We have noted in previous articles that in order to find a firm, biblical basis for church involvement in society we need to adopt a holistic gospel of the Kingdom of God, abandon the notion of a “great escape” from this world, and catch a vision of the cosmic redemption that permeates the teaching of the New Testament.
In other words, I am suggesting that it is time for the church to “reboot” the Good News, to use a computer analogy. We must erase non-biblical notions and re-discover how first-century Christians understood, proclaimed and lived out the Good News of the Gospel of Jesus Christ.
For millions of believers the Christian message is basically a bad news – good news – bad news sequence. First they proclaim that every human being is bound for hell, there to be tortured for eternity for the evil they have done – bad news. However, if you pray the right prayer to accept Jesus into your heart, you can escape this wrath to come – good news. But most will not do so, either because they choose not to, or because they have never heard that they should – bad news.
I have always had difficulty accepting this three-part message. I remember a missionary reporting in our church, when I was a lad of about 12 years, that when he had brought the Good News to a distant village many had received it gladly. One of the new believers, he said, had asked him what would happen to his father who had died shortly before the missionary had arrived. He was certain that his father too would have accepted the Good News. But the missionary had told the anguished young man that his father would be suffering in hell for all eternity.
How could this be? I thought. Either someone had misunderstood God, the News of the Gospel, or both. Now, half century later, I think it was both.
How did we get to this place? Doesn’t it seem that we have mostly proclaimed bad news for many years, especially when you do the math? Is there not a more positive story line that emerges from the biblical text? Must we really believe that all the cosmic redemption passages will be incinerated along with the world that God once created and called good? That the best we can hope for in the end is a draw between God and Satan, with Satan getting most of the booty?
These questions have set me on a search for answers. And I am discovering that just underneath the surface of proper, pious decorum there are many others who are searching along with me. And I am increasingly confident that our common search will in fact produce a better version of the Good News that is both biblically accurate as well as consistent with the character of God as revealed in Jesus Christ.
A question that haunts me is this: If the Good News is what I have described above, why is that message not found front and center in the biblical text? Let’s start with the Book of Acts, for example. One would think that the first preachers of the gospel could be trusted above all others to have caught the right focus of the gospel message, especially after having been endowed with the presence and power of the Holy Spirit, wouldn’t you think?
But when we survey the messages of Peter, Stephen, Philip and Paul we just don’t find the popular version of the Good News.
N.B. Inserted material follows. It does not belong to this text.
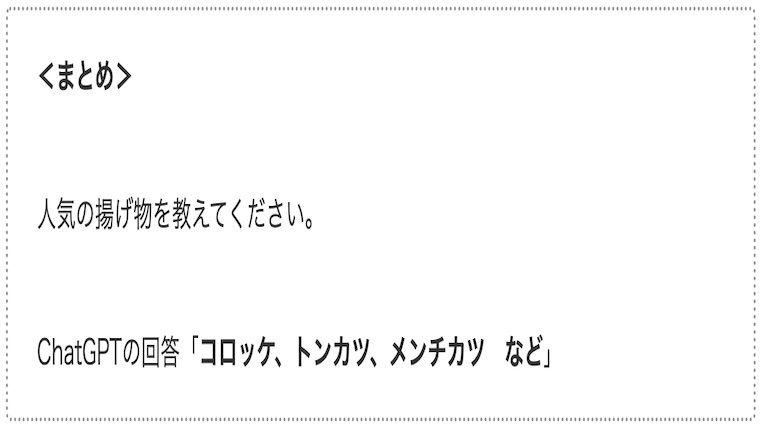 ChatGPTの回答「コロッケ、トンカツ、メンチカツ など」

We find instead a consistently focused assertion: “The resurrected Jesus is both Lord and Christ and you should believe this and follow in his way.” With no reference to hell-fire and brimstone, they were, nevertheless, amazingly effective evangelists.
What if we go back to the Old Testament, the Scriptures of both Jesus and the early church? We do have reference to the place of the dead, known as either “Sheol” in Hebrew or “Hades” in Greek. But we search in vain for an Old Testament description of this place as an eternal torture chamber, similar to popular notions of hell today.
How then, if neither the Old Testament nor first-century apostolic preaching viewed hell as central to the biblical message, did such a view get into Christian thinking? It turns out that the notion of a literal hell actually appears first in pagan religions going back over 4000 years. Somehow it found its way into the Apocrypha and from there into the world-view of the Pharisees of Jesus’ day.
Of course the big question was what Jesus would do with this teaching. Would he affirm the Pharisee’s idea of hell and adopt it as central to his message? A quick survey of the Gospels reveals that for Jesus the Good News was that the Kingdom of God had arrived. You can’t miss it! On a few occasions Jesus refers to the Old Testament notion of “Sheol” or alternately the word “Gehenna,” the name of the ever-burning garbage dump south of Jerusalem. The context is usually one in which he is emphasizing the seriousness of an offense, but are we to think that he envisioned persons literally being thrown on to this garbage dump?
It took till the fourth century until a famous theologian, Augustine, began to describe hell as an eternal torture chamber and make it a central tenet of the Christian faith. Augustine’s big project was to re-write Christian theology to fit the new church/state synthesis that was underway.
So the question is whether we are bound to keep Augustine’s vision of hell or are we free to explore how first-century Christians constructed the substance of the Good News? I think we should choose the latter, and I trust that as we continue to search the Scriptures we will open the door to a much more comprehensive and powerful motivator for being fully engaged in God’s world.
What has your search revealed to you?